Los inversores extranjeros están huyendo de Tailandia, llevando al baht a mínimos de varios años, mientras un choque energético derivado de la guerra entre Estados Unidos e Israel contra Irán apaga las esperanzas de una reactivación económica y expone la parálisis política en Bangkok.
"Vamos a ver precios de la energía altos, e incluso en aumento, hasta que consigamos un tráfico marítimo significativo a través del estrecho de Ormuz", dijo Chris Wright, Secretario del Departamento de Energía de EE. UU., en el Semafor World Economy Forum en Washington. "Ese será probablemente el pico del precio del petróleo en ese momento. Seguramente ocurra en las próximas semanas".
La agitación geopolítica impulsó inicialmente el crudo Brent, referencia mundial, por encima de los 100 dólares el barril, aunque los precios se moderaron posteriormente ante las esperanzas de nuevas conversaciones de paz. El Brent cayó alrededor de un 1% hasta los 98,40 dólares el barril en las operaciones asiáticas, mientras que el West Texas Intermediate de EE. UU. bajó un 1,7% hasta los 97,40 dólares. Por el contrario, las bolsas asiáticas, que dependen en gran medida de la energía del Golfo, subieron ligeramente gracias a las esperanzas diplomáticas: el Nikkei 225 de Japón ganó un 2,6% y el Kospi de Corea del Sur saltó más de un 3%.

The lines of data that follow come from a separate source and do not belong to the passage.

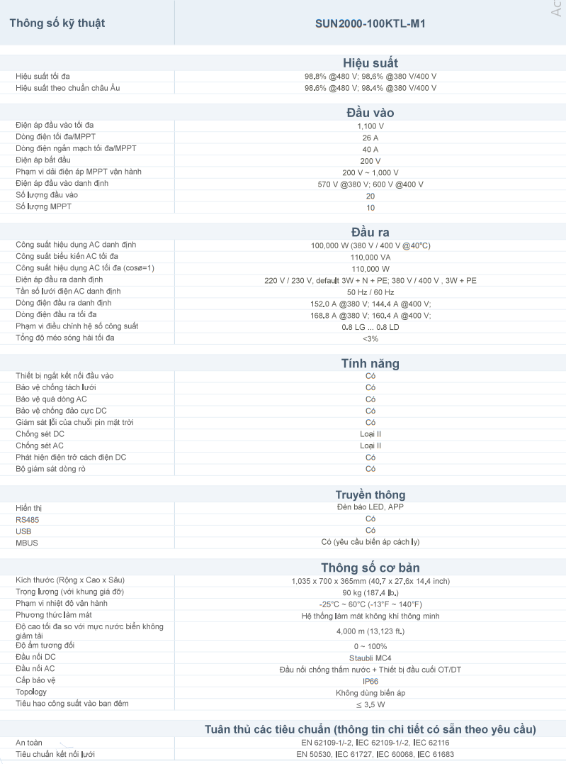 Thông số kỹ thuật Inverter Huawei SUN2000-100KTL-M1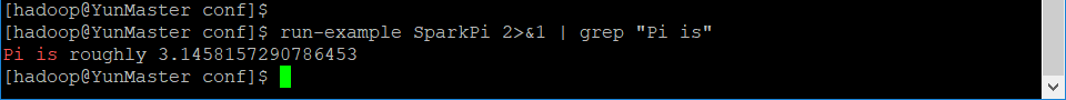 [hadoop@YunMaster conf]$ run-example SparkPi 2>&1 | grep "Pi is"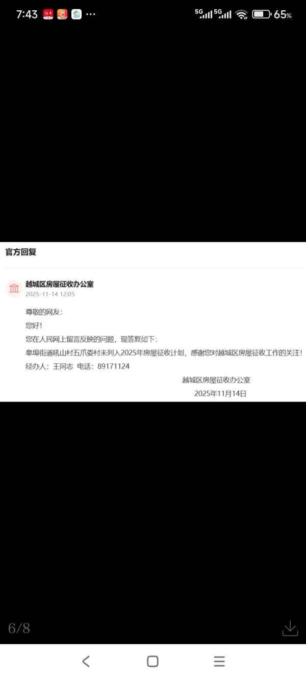 问:请问领导,绍兴市越城区陶家楼底什么时候拆迁,我们同一幢对面已已拆迁,谢谢。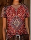Naisten T-paita Napit Painettu Kuvitettu Geometrinen Böömi Vintage Tyylikäs Lyhythihainen V kaula-aukko Tavalliset topit Päivittäin Bile Viikonloppu Sininen Valkoinen Viini Rubiini Laivaston sininen

El principal riesgo del conflicto para la economía mundial se centra en el estrecho de Ormuz, un punto de estrangulamiento crítico por el que pasa casi una quinta parte de los envíos mundiales de petróleo y gas. Irán ha amenazado con atacar buques en el estrecho en represalia por los ataques de EE. UU. e Israel, lo que cerraría de hecho la vía navegable y provocaría un aumento de los precios de la energía que amenaza con alimentar la inflación y estancar el crecimiento económico mundial.
Impasse diplomático
La volatilidad del mercado se produce después de que las negociaciones entre EE. UU. e Irán fracasaran durante el fin de semana. El presidente Donald Trump dijo el lunes que Teherán se había puesto en contacto con Washington para un posible acuerdo, afirmando: "Les gustaría mucho llegar a un acuerdo".
Sin embargo, informes de The New York Times, citando a funcionarios de ambos países, sugieren que persiste una brecha significativa. Según se informa, Irán propuso suspender su enriquecimiento de uranio por hasta cinco años, oferta que EE. UU. rechazó, insistiendo en una suspensión de 20 años. Aunque las conversaciones en Pakistán sugieren una vía potencial hacia un acuerdo, la distancia entre ambas partes indica que sigue siendo una posibilidad clara un período prolongado de tensión y precios de la energía elevados.
Para Tailandia, el momento no podría ser peor. El gobierno del primer ministro Anutin Charnvirakul ha luchado por iniciar una recuperación pospandemia, y el choque externo de los mayores costes energéticos y el sentimiento de aversión al riesgo en los mercados emergentes amenazan ahora con descarrilar sus planes económicos. La venta masiva de activos tailandeses refleja la creciente preocupación de los inversores por la especial vulnerabilidad de la economía nacional ante el aumento global de los precios de la energía.
Este artículo tiene únicamente fines informativos y no constituye asesoramiento de inversión.